Figure 3. WGA-HRP identifies a number of enriched markers on Myc-driven prostate cancer cells.

(A) Overall scheme for biotin labeling, and label-free quantification (LFQ) by LC-MS/MS for RWPE-1 Control and Myc overexpression cells. (B) Microscopy image depicting morphological differences between RWPE-1 Control and RWPE-1 Myc cells after 3 days in culture. (C) Volcano plot depicting the LFQ comparison of RWPE-1 Control and Myc labeled cells. Red labels indicate upregulated proteins in the RWPE-1 Control cells over Myc cells and green labels indicate upregulated proteins in the RWPE-1 Myc cells over Control cells. All colored proteins are at least two-fold enriched in either dataset between four replicates (two technical, two biological, p<0.05). (D) Heatmap of the 30 most upregulated transmembrane (bold) or secreted (italics) proteins in either RWPE-1 Control or Myc cells. Scale indicates intensity, defined as (LFQ Area−Mean LFQ Area)/Standard Deviation. (E) Table indicating fold-change of most differentially regulated proteins by LC-MS/MS for RWPE-1 Control and Myc cells. (F) Upregulated proteins in RWPE-1 Myc cells (Myc, ANPEP, Vimentin, and FN1) are confirmed by western blot. (G) Upregulated surface proteins in RWPE-1 Myc cells (Vimentin, ANPEP, and FN1) are detected by immunofluorescence microscopy. The downregulated protein HLA-B by Myc overexpression was also detected by immunofluorescence microscopy. All western blot images and microscopy images are representative of two biological replicates. Mass spectrometry data is based on two biological and two technical replicates (N=4).

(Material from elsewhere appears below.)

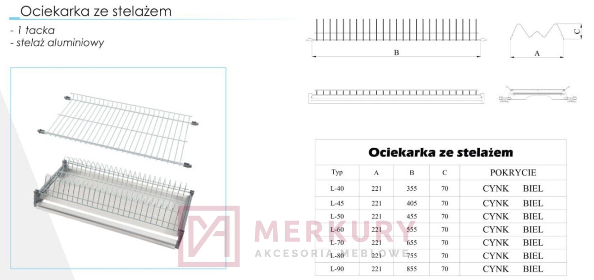 Ociekarka dwupoziomowa ze stelażem, do szafki 70cm, biała

Figure 3—figure supplement 1. Comparison of surface enrichment between replicates for different mass spectrometry methods.

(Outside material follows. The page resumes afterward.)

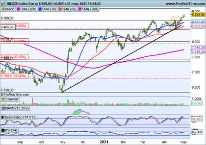 El único y gran problema es que los demás homólogos, dígase índices norteamericanos y europeos ya están cerca de resistencias importantes. Nuestro mercado ha quedado atrás ya que mientras éstos estaban acometiendo importantes alzas nosotros titubeábamos en una zona lateral que se había formado y que continuó a lo largo de las últimas semanas. Con la ruptura que hemos visto estos dias, se abre un nuevo tramo alcista que debería continuar, como mínimo, hasta 9.100 donde encontramos una nueva resistencia intermedia antes de afrontar un nuevo e importante tramo hasta los 10.100, pero este último avance se daría cuando los índices norteamericanos pudieran romper con fuerza sus respectivas resistencias, con volumen, y al unísono. Demasiadas exigencias que podrían no ser cumplidas del todo, bloqueando a nuestro índice pero solamente para el segundo tramo, al menos esos 9.100 pensamos que podrían quedar garantizados.

(A) The top three methods (NHS-Biotin, Biocytin Hydrazide, and WGA-HRP) were compared for their ability to enrich cell surface proteins on 1.5 M RWPE-1 Control cells by LC-MS/MS after being searched with the Uniprot GOCC Plasma Membrane database. Shown are enrichment levels on the protein, peptide, and average MS1 intensity of top three peptides (LFQ area) levels. (B) The top three methods (NHS-Biotin, Biocytin Hydrazide, and WGA-HRP) were compared for their ability to enrich cell surface proteins on 1.5 M RWPE-1 Control cells by LC-MS/MS after being searched with the entire human Uniprot database. Shown are enrichment levels on the protein, peptide, and average MS1 intensity of top three peptides (LFQ area) levels. Proteins or peptides detected from cell surface annotated proteins (determined by the SURFY database) were divided by the total number of proteins or peptides detected. LFQ areas corresponding to cell surface annotated proteins (SURFY) were divided by the total area sum intensity for each sample. The corresponding percentages for two biological replicates were plotted. LFQ, label-free quantification.

Figure 3—figure supplement 2. Comparison of replicates for different mass spectrometry methods shows that WGA-HRP has comparable reproducibility to NHS-Biotin and Hydrazide labeling.

(A) Spearman correlations of total area sum intensity normalized data from replicates of Hydrazide Control and Myc cells. (B) Spearman correlations of total area sum intensity normalized data from replicates of NHS Control and Myc cells. (C) Spearman correlations of total area sum intensity normalized data from replicates of WGA Control and Myc cells.